Three signals jump out:
- “super long binary” — code-10k.bin is 5.82 MB. A stock C64 can’t even load that
(64 KB total RAM). So
run_c64is a custom 6502 emulator where the code lives in an extended code space; data RAM stays a normal 64 KB. - “RAM still 64k but I only need a minimal amount” — the code barely touches memory. It must operate almost entirely on registers + stack.
- Screenshot of the BASIC harness — shows
POKE 780,A / POKE 781,X / POKE 782,Y / SYS <addr> / A=PEEK(780) / ...— the standard “pass A/X/Y through zero-page mirrors of the CPU registers on KERNAL SYS” idiom. So the binary is a pure function(A,X,Y) → (A',X',Y')over 24 bits. - The flag itself (found afterwards): “Never understood why we need TSX and TXS until now” — a giant hint that the program uses the stack-pointer transfer instructions as a clever trick for swaps / “peek without pop”.
From these it’s a strong bet that the 5.82 MB is a macro-compiled sequence of reversible 6502 primitives on (A,X,Y).
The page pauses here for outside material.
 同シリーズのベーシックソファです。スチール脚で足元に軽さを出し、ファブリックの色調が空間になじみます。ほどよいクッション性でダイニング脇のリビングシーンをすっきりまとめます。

If every primitive is individually invertible, we invert the whole program by reversing the list and inverting each step — no 2²⁴ brute force needed.
3. Confirming the I/O contract with test.bin
test.bin is 9 bytes: 08 18 69 2A CA C8 C8 28 60
Disassembled:
PHP ; save flags
CLC
ADC #$2A ; A += 0x2A (42)
DEX ; X -= 1
INY ; INY ; Y += 2
PLP ; restore flags
RTS
So (A',X',Y') = (A+42, X-1, Y+2) mod 256. The PHP/PLP wrapper preserves the
flags across the body — a recurring pattern throughout code-10k.bin.
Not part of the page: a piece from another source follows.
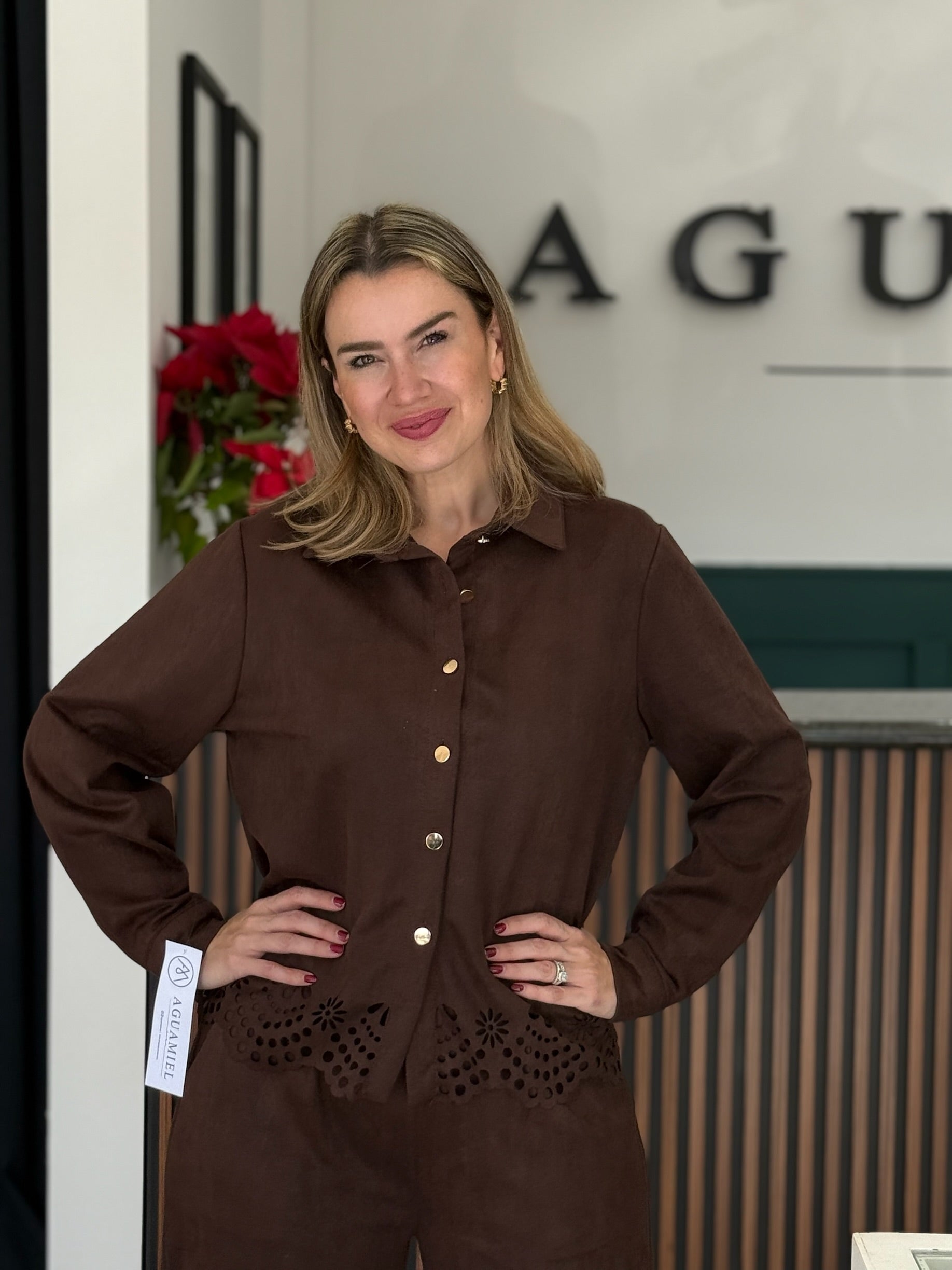 Set de dos piezas con detalle calado en bastilla. Su silueta relajada y elegante lo hacen ideal para verse arreglada con cero esfuerzo.

4. First look at code-10k.bin
Writing a tiny 6502 disassembler over the first 200 bytes reveals highly
regular sequences. Example — bytes 0x00..0x1C:
; "A += 0xa3" 5 bytes
00: PHP ; CLC ; ADC #$a3 ; PLP
; "swap A ↔ X" 14 bytes (uses TSX/INX/TXS trick)
05: PHP ; PHA ; TXA ; PHA
TSX ; INX ; TXS ; S += 1: "peek then skip"
PLA ; A = second-from-top pushed value (= A₀)
DEX ; TXS ; unwind
TAX ; PLA ; PLP ; PLP ; restore X, A, flags
; "X += A" 10 bytes
13: PHP ; PHA
.loop: INX ; SEC ; SBC #$01 ; BNE .loop
PLA ; PLP
After tracing every sub-block, every single pattern turned out to preserve all registers it isn’t explicitly modifying and to be invertible.
4.1 The TSX/INX/TXS trick
6502 has no A ↔ X exchange. The classic way costs an extra scratch
byte. The author does it with a stack-pointer dance:
PHA ; push A₀ (top = A₀)
TXA ; PHA ; push X₀ (top = X₀, below = A₀)
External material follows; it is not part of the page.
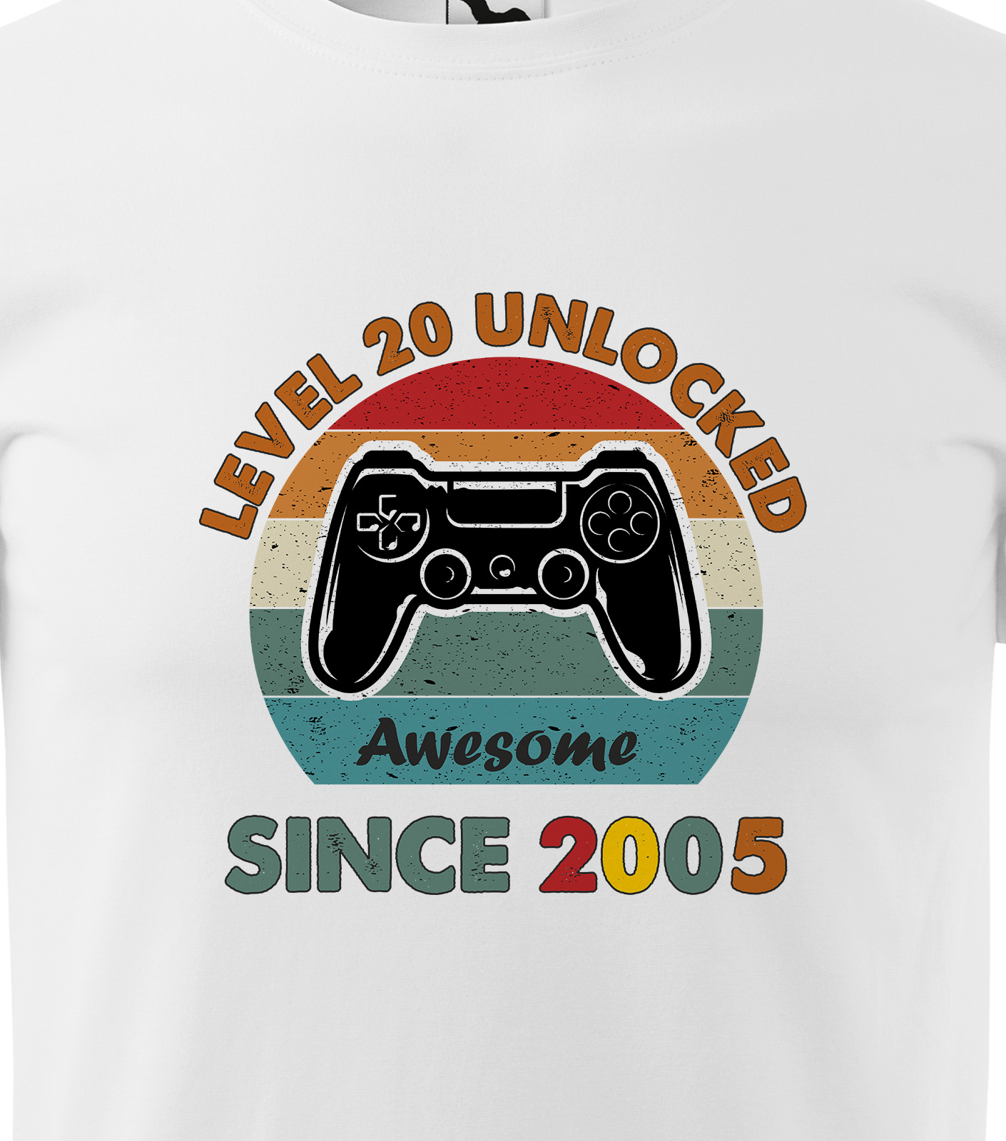 Tricou personalizat 20 ani, AWESOME level unlocked

TSX ; INX ; TXS ; S += 1 → top is "what was below" (= A₀) without clobbering slots
PLA ; A ← A₀ ← reads below-top because of the +1
DEX ; TXS ; S -= 1 → top is X₀ again
TAX ; X ← A (= A₀)
PLA ; A ← top (= X₀)
This is exactly what the flag is about: TSX followed by TXS lets you
peek under the stack top without losing it.
5. Macro catalog
After exhaustive tracing, the binary is composed of exactly nine macro
types. Each has a unique, fixed byte signature — parameters (k, N) appear
at fixed offsets inside a macro.
| Macro | Bytes | Signature (hex) | Effect on (A,X,Y,flags) |
|---|---|---|---|
A_ADD(k) | 5 | 08 18 69 kk 28 | A = (A + k) mod 256 |
A_XOR(k) | 4 | 08 49 kk 28 | A = A ⊕ k |
SWAP_AX | 14 | 08 48 8A 48 BA E8 9A 68 CA 9A AA 68 28 28 | A ↔ X |
SWAP_AY | 20 | 08 48 98 48 8A 48 BA E8 E8 9A 68 A8 CA CA 9A 68 AA 68 28 28 | A ↔ Y |
SWAP_XY | 10 | 08 48 8A 48 98 AA 68 A8 68 28 | X ↔ Y |
X_ADD_A | 10 | 08 48 E8 38 E9 01 D0 FA 68 28 | X = (X + A) mod 256 |
Y_ADD_A | 10 | 08 48 C8 38 E9 01 D0 FA 68 28 | Y = (Y + A) mod 256 |
ROR_A_N(N) | 26 | 08 48 8A 48 BA E8 9A 68 A2 NN 4A 90 02 09 80 CA D0 F8 48 BA CA 9A 68 AA 68 28 | A = ror8(A, N mod 8) |
A_XOR_Y | 90 | unrolled 8-bit XOR (see below) | A ^= Y, Y preserved |
Plus a terminating 60 (RTS) at the very end.
5.1 A_XOR_Y in detail
The pattern swaps A↔Y on entry, runs an 8-iteration unrolled loop of:
LSR A ; bit i of original A into C
BCC +6 ; skip if 0
TAY ; PLA ; EOR #(1<<i) ; PHA ; TYA
which XORs the bit back into the stack slot holding the swapped-away value,
then swaps back. Net effect: A = A ⊕ Y, with Y and X untouched.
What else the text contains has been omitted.